More often that not, however, they never make it back to their rightful owners. And so after 90 days, the City of Lubbock auctions it off.
"If there's a narcotics raid, or during a traffic stop, lots of times officers will come across lots of stolen property," according to Sgt. Jason Lewis. "When nobody ever comes for it, then City Purchasing takes it in 90 days and will sell it."
Serial numbers are the best way to prove to officials that item is actually yours. The problem is, most people don't bother keeping track of them.
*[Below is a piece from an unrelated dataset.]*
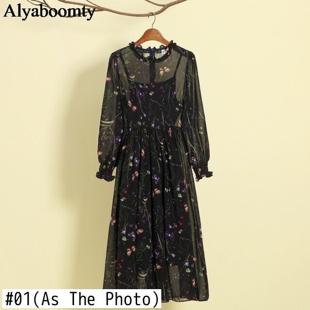 送料無料୨♥୧ スタイルスプリングオータムレディースロングドレス スタンドカラーカラーフローラルプリントシフォン 春物 秋物 花柄 AOS60493412550

And without adequate indentification, police say it's hard for victims to verify something is rightfully theirs.
"If they just call up and say 'Yeah, I had my 70-inch Samsung plasma TV stolen,' we're just gonna say, 'Well great, what's the serial number?'" Lewis says. "And if they don't have it, well, we can't help them. So a burglar goes free, and we have a pile of TVs we can't do anything with."
Luckily, it's an easy fix, just keep track of identifiers like serial numbers. There's even an electronic way to do it. Websites like leadsonline.com let you create a record of your valuables. That way if they're ever stolen, there's no question it's yours.
"All you have to do is get on a computer, and yours is probably stolen, so get on your friend's, then download it and send [that record] to us," Lewis says. "So then we will have that information right then. That is so helpful for us, and helpful for you."
Police say it's a win win solution. You keep your stuff, they catch a criminal.
"It's hard to prosecute someone for a burglary that we know they committed, when we don't have a victim. So, that's another reason we really want people to take down those serial numbers," Lewis says. "The faster we can get those people locked up, the the faster we can slow down crime in our city."